DEATH.
[DEATH.
BIRDS OF PREY.—(THE RAPTORES). ]
It was one of my saddest hours when, seeking in nature a refuge from the thoughts of the age, I for the first time encountered the head of the viper. This occurred in a valuable museum of anatomical imitations. The head, marvellously imitated and enormously enlarged, so as to remind one of the tiger's and the jaguar's, exposed in its horrible form a something still more horrible. You seized at once the delicate, infinite, fearfully prescient precautions by which the deadly machine is so potently armed. Not only is it provided with numerous keen-edged teeth; not only are these teeth supplied with an ingenious reservoir of poison which slays immediately; but their extreme fineness, which renders them liable to fracture, is compensated by an advantage that perhaps no other animal possesses; namely, a magazine of supernumerary teeth, to supply at need the place of any accidentally broken. Oh, what provision for killing! What precautions that the victim shall not escape! What love for this horrible creature! I stood by it scandalized, if I may so speak, and with a sick soul. Nature, the great mother, by whose side I had taken refuge, shocked me with a maternity so cruelly impartial.
Gloomily I walked away, bearing on my heart a darker shadow than rested on the day itself, one of the sternest in winter. I had come forth like a child; I returned home like an orphan, feeling the notion of a Providence dying away within me.

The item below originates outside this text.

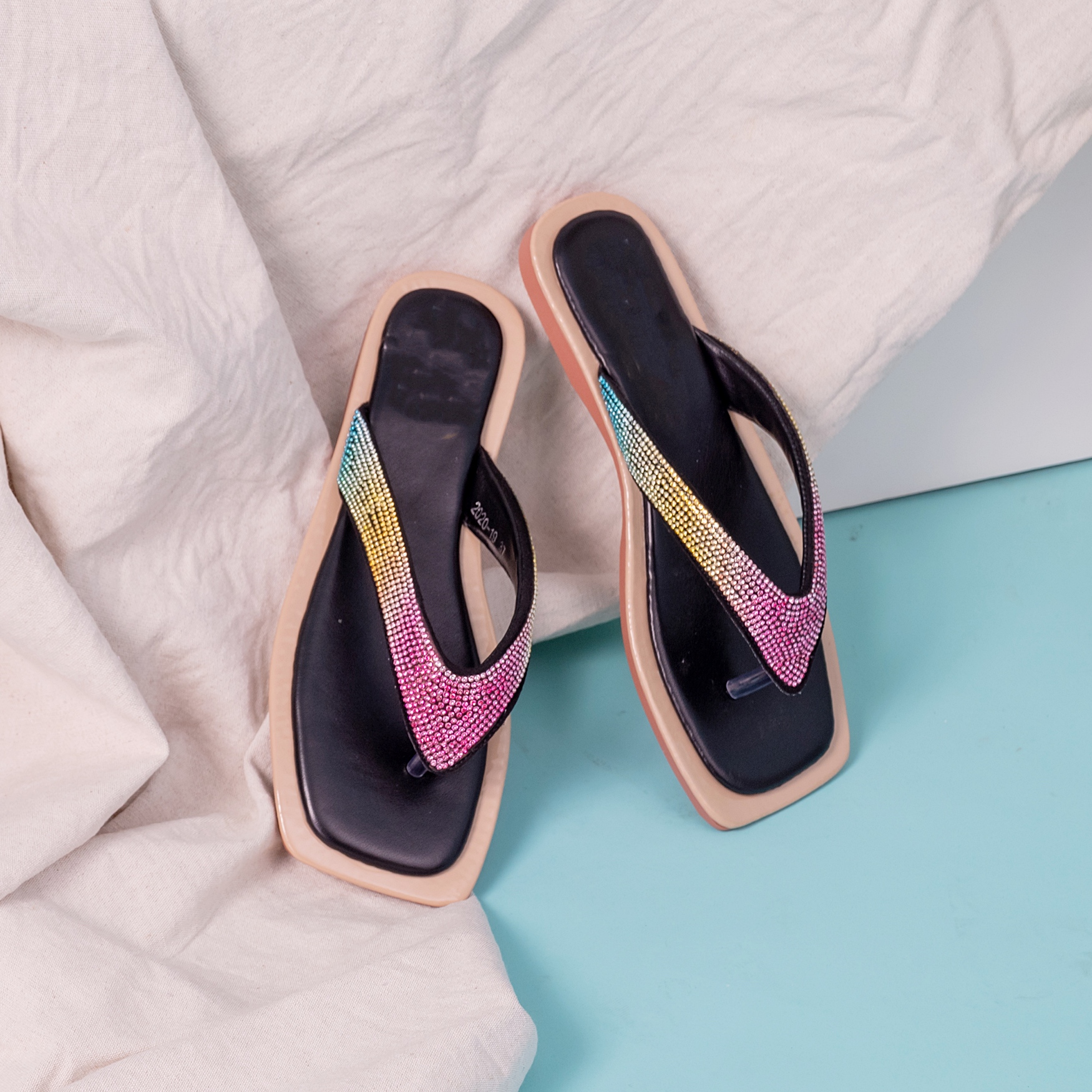【Annalee】彩虹嘉年華真皮夾腳涼鞋-狂歡黑013645

Our impressions are not less painful when we see in our galleries the endless series of birds of prey, prowlers by day and night, frightful masks of birds, phantoms which terrify the day itself. One is powerfully affected by observing their cruel weapons; I do not refer to those terrible beaks which kill with a blow, but those talons, those sharpened saws, those instruments of torture which fix the shuddering prey, protract the last keen pangs and the agony of suffering.